Sometimes I cannot believe that Brady turned 3 months old on Monday. Sometimes it's that I don't believe it's already been 3 months, and sometimes it's that I don't believe it's only been 3 months. People often ask how motherhood is, and I answer with "At first it was boring and hard, now it's fun and hard."

When he was first born, I had a ton of hormones running through my system... enough that I actually could FEEL the rush of them. I know that sounds weird, but if you've had a baby, most likely you can identify with what I'm saying. So I would be sitting at home, feeding and changing Brady around the clock and trying to get some decent amount of sleep in there. He didn't laugh, he didn't smile, he couldn't hold his head up. I was thinking about it today, and I don't think I spoke one word "TO" Brady for the first two or three days we were home. So yes, at first it was not only hard and overwhelming, but I was bored... and lonely.

But now... just a mere three months later... he's full of life, energy and love. Even though he can't say "I love you", every time he smiles he says it. Every time he makes eye contact with me, he says it. Every time he coos he says it... and every time he reaches for a toy and hits it, he says it. Every day I think that I love him as much as I possibly could and the next morning I wake him up and my heart is even more full than it was the day before. It's just like when you get married and you think you love your husband as much as you possibly can... and then a year later you look at him and love him even more... and in new and unexpected ways and for new reasons.

It's so unexplainable... the love for a child. It's an absolute miracle that God created the bond between parents and children. It's such an incredible picture of God's love for us. My friend Julie said that her first Easter after having Sydney was so overwhelming because she viewed the cross differently because of being a mom. How in the world did God give up His ONE and ONLY Son to die for the world.... the SINFUL world? I could never do it.

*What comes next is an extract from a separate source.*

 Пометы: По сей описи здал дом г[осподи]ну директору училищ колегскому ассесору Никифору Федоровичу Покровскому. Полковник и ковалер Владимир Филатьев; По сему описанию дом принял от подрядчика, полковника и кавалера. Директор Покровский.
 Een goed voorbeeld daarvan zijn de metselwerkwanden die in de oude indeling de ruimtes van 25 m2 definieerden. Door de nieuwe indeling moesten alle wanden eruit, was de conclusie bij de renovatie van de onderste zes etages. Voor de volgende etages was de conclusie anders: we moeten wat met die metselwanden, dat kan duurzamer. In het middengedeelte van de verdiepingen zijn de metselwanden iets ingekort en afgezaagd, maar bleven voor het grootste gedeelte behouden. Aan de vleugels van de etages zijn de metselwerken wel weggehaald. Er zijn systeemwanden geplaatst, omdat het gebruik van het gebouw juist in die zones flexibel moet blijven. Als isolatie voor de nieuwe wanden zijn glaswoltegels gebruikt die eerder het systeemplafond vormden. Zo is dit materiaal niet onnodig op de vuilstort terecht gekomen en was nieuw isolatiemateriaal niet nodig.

Anyway... sorry for the Sappiness... onto the fun stuff that Mr. Brady Bug is doing....

He is "talking" so much now... and yesterday I heard his first REAL laugh... where he actually took a breath and laughed.... before this, it's been more of a giggle noise that he does when he's excited. But yesterday I believe it was a real laugh. I have to put talking into quotes, because this guy at my old office would ask me what words he was saying when I told him that Brady's talking a lot more. So, I just want to clarify that when I say TALKING, it's just really lots of noises... and he even does it in response to me. (I read in a magazine that you're supposed to talk to them and wait for an answer. It doesn't work all the time, but when he's in a "talkative" mood, it works well.)

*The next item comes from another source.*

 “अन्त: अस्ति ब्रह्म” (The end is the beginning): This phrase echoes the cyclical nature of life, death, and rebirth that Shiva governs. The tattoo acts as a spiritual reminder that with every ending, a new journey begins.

He has rolled over a few times... from his tummy to his back. He definitely does not do it consistently yet or even a lot... sometimes when we put him on his tummy, he just lays there and coos. I think he'll eventually be a tummy sleeper.

He's definitely discovered his hands. He likes to try to put his whole fist in his mouth now... and the other day I found him sound asleep with two fingers in his mouth... I'm not sure it was on purpose, but we'll see if that continues. I can't wait for him to find his feet!!!

He takes 6 ounces in his bottle now and according to our method of weighing him, he's almost 13 pounds now. We're going to try to drop the 10:00 feeding tonight. He's only been taking about 1 ounce the past few nights, as he won't ever fully wake up. It almost all ends up all over his jammies anyway because he'll take it but won't swallow it. So we'll see how it goes tonight.

I'm trying to drop the swaddle too. He's getting too long. We're tired of going in there and re-swaddling... so I'm trying to drop the swaddle thing all together.... that has made for a LONG day. :)

We took these pictures on Sunday, after bath time! He's getting so big!





4 comments:

Anonymous said...

you are such a beautiful mom! and I love your blog!!

Ashley said...

what a cutie pie! I can't believe he's already 3 months old! I know you & Jeff are enjoying him so much. Being a mommy is one of the hardest, but most rewarding jobs ever! Happy 3 months Brady!

The Bird Family said...

3 months already!! Time does fly...I really understand your post and I felt the exact same way...I felt guilty for feeling that way and I did not want to tell anyone. Now I know that it was the hormones and I love motherhood. It gets better and better everyday!! Thanks for keeping me on the list - I need to catch up!

Jeff and Steph said...

Becky, everything you've written here is EXACTLY what I've been thinking, going through and feeling...having your life change right before your eyes (hormones), being a mom, having a son and looking at Easter in a different light, weaning B off of swaddling, the things that make me love him more and more each day (becoming more alert and playful)...

It's an amazing process being a mom. Thanks for sharing yours. It's so nice to see other mom's going through the same things I am...for a while there I thought I was the only one until I started talking to other moms about it. :) I need to e-mail you back too...sorry! :) I'll do that this week. Ok, this is long enough. I'm done. :)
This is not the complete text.